On 4 August, the HV initiated Operation Storm, which was aimed at recapturing Sectors North and South, which encompassed the bulk of the RSK. UNCRO was notified three hours in advance of the attack, when Šarinić made a phone call with Janvier. In addition, each HV corps notified the UNCRO sector in the path of its planned advance, and requested written confirmation that the information had been received. UNCRO relayed the information to the RSK authorities. Two days later, UNCRO was requested to protect 35,000 Serb civilians accompanying the ARSK as it retreated towards Bosnia and Herzegovina. They were trapped near Topusko when HV troops captured Glina, closing the last road available to them. The UNCRO Ukrainian battalion base was used as a venue for negotiations for the surrender of the trapped ARSK Kordun Corps; the negotiations were conducted in the presence of UNCRO officers.

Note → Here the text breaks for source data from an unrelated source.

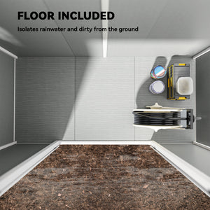 Discover the spacious Homivas Shed, your new haven for outdoor organization! Crafted from robust 12mm thick polypropylene resin and reinforced with aluminum, this waterproof, UV-resistant resin shed keeps your tools secure and dry. The included floor shields against rain, while a sunlit window and dual vents maintain freshness. Great as a outdoor garden tool shed!
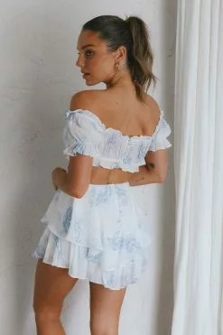 Selfie Leslie Cielito Embellished Crop Top Light Blue
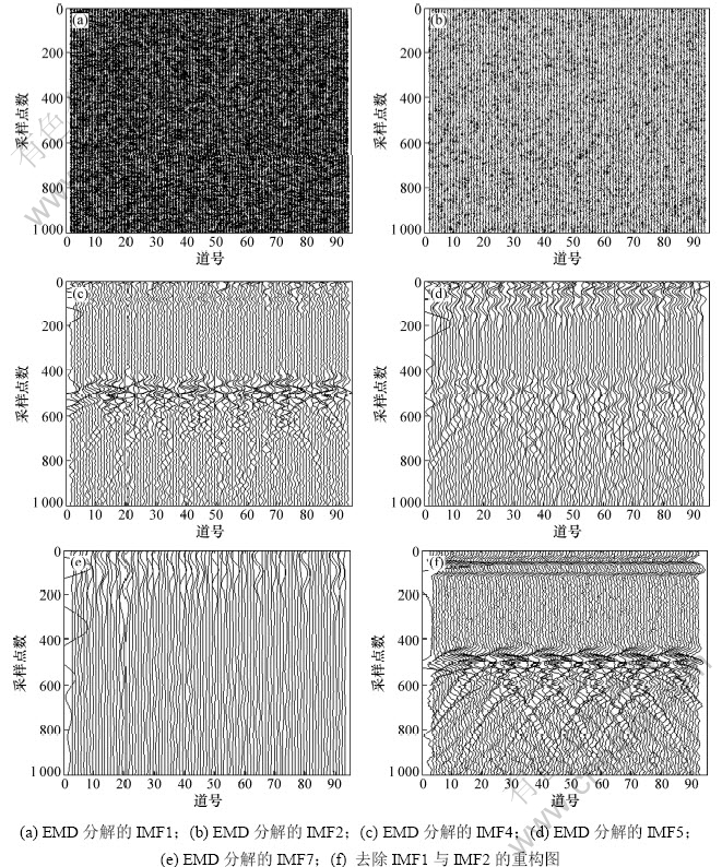 为此,利用EMD对加噪后的GPR正演剖面进行分解,得到图5所示的分解后的本征模态函数图IMF1~ IMF7。由于EMD分解实际上是一个高通滤波的过程,所以,在对信号的分解过程中高频成分被慢慢滤出,图5(a)~(b)中前2个分离出来的IMF完全是后期加入的高频噪声;图5(c)~(d)中2个IMF是雷达剖面信号的主要成分,其中图5(c)中的IMF4为金属球体的绕射异常;图5(e)所示为分解得到的IMF7,由于GPR信号的有效部分基本被分离出来,故属于金属球体的异常在图中得不到反映,后面的IMF分量图不再列出。
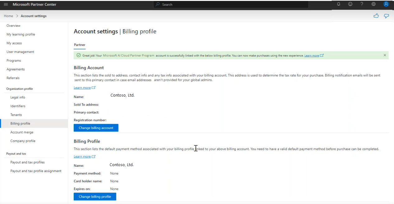 If you want to change an existing billing account and billing profile linked to your Partner Center account to another billing account or profile, you can do so on the Billing profile page. After the change, all your subsequent purchases reflect on the new billing profile.
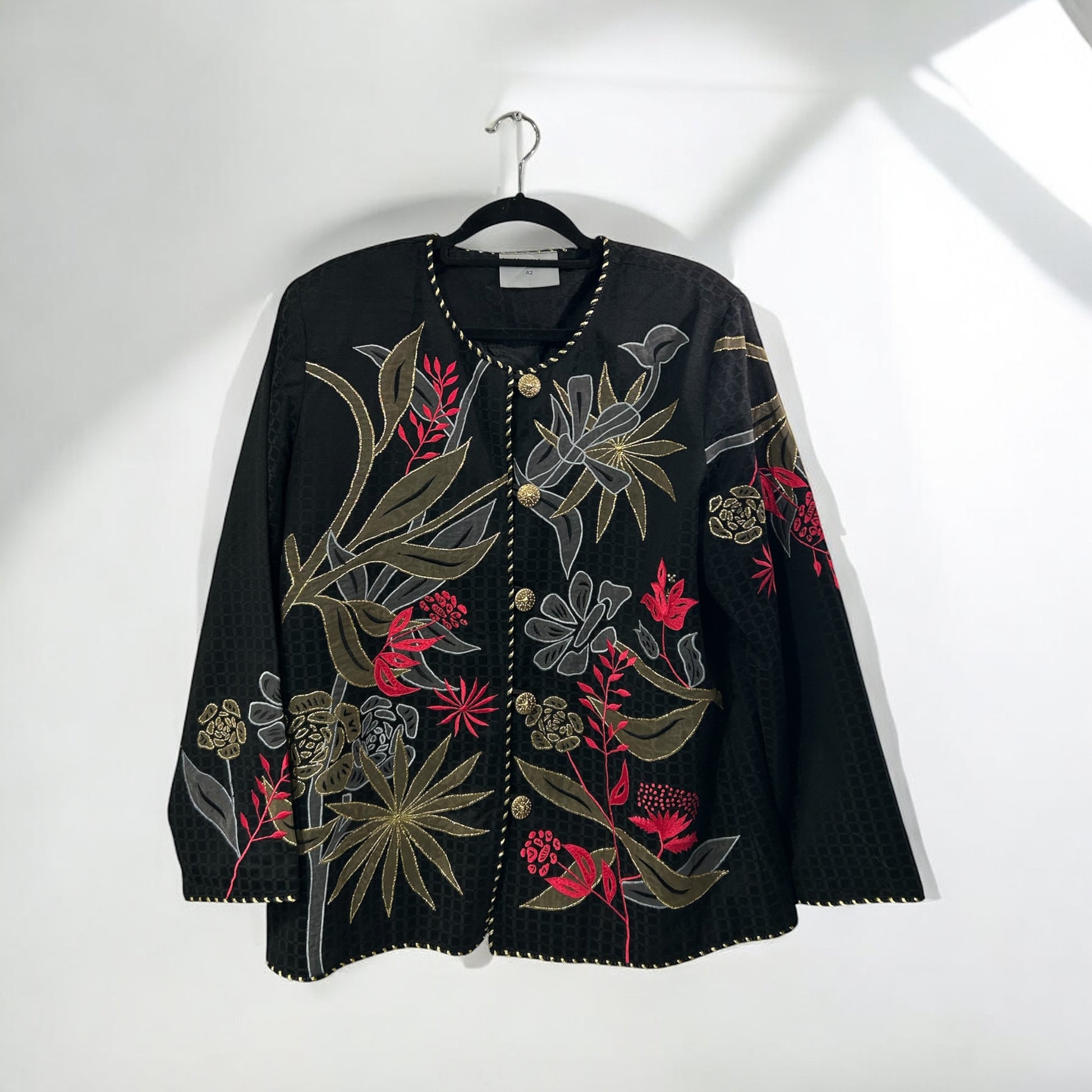 ז׳קט וינטג׳ שכולו רקמה יפיפיה וצבעונית . הז׳קט נסגר באמצעות כפתורי תכשיט בצבע זהב ומצבו מושלם, ללא סימני שימוש .
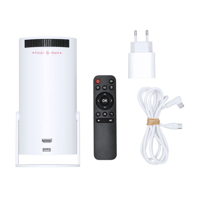 Progetta un proiettore con connettività Bluetooth e WiFi che offra un'esperienza audiovisiva fantastica. Realizzato in ABS resistente con finitura opaca e dettagli in silicone antiscivolo, incorpora un regolatore di messa a fuoco manuale e un angolo di rotazione di 180º per una visuale ottimale. Supporta fino a 1080p, 2K e 4K tramite ingresso HDMI, garantendo immagini chiare e definite. Il suo potente altoparlante integrato da 3W offre un suono immersivo, ideale per la riproduzione di video, audio e foto. Per quanto riguarda le connessioni, ha: HDMI (femmina), USB A, USB Type C e uscita audio con jack da 3,5 mm.
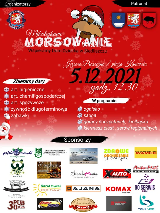 W ostatni dzień zbiórki, w niedzielę, 5 grudnia Morsy z Corsy zapraszają na Mikołajkowe Morsowanie, które odbędzie się na plaży od strony leśniczówki (w google maps wystarczy wpisać „plaża Kaniwola”).
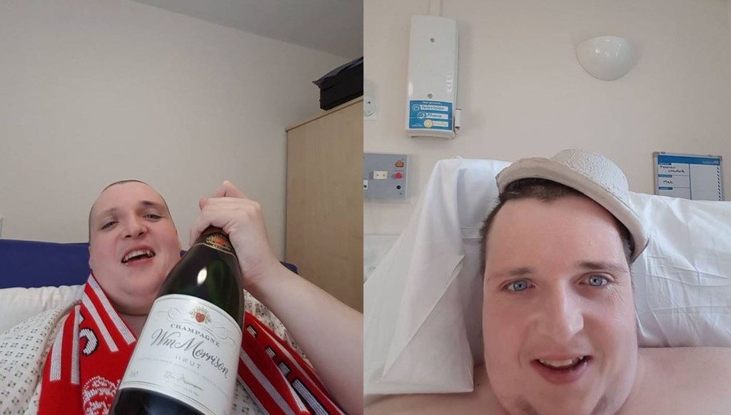 ▲克勞福德即使住院還會拿香檳拍照。(圖/翻攝自臉書/Matthew Tom Briscoe Crawford)
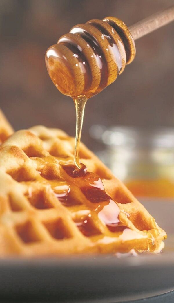 Ripe berries of all kinds, strawberries, raspberries, loganberries, boysenberries, sliced peaches, nectarines, apricots and bananas are all delicious with waffles. Pile the fruit on top of hot waffles, or serve it on the side of the plate. A blob of softly whipped cream doesn’t go amiss!

The commander of UNCRO Sector North signed the surrender agreement as a witness. This offensive also involved actions against UN peacekeepers; the Army of the Republic of Bosnia and Herzegovina, which supported the offensive from the Bihać pocket, attacked UNCRO observation posts defended by Polish troops, while HV troops used several Danish peacekeepers as human shields. During the offensive, ARSK detained five Sector East headquarters staff, several UNCRO vehicles were hijacked, and UN personnel were harassed. Four UN peacekeepers were killed in the offensive—three as a result of HV actions, and one as a result of ARSK fire—and 16 were injured. HV troops also destroyed 98 UN observation posts.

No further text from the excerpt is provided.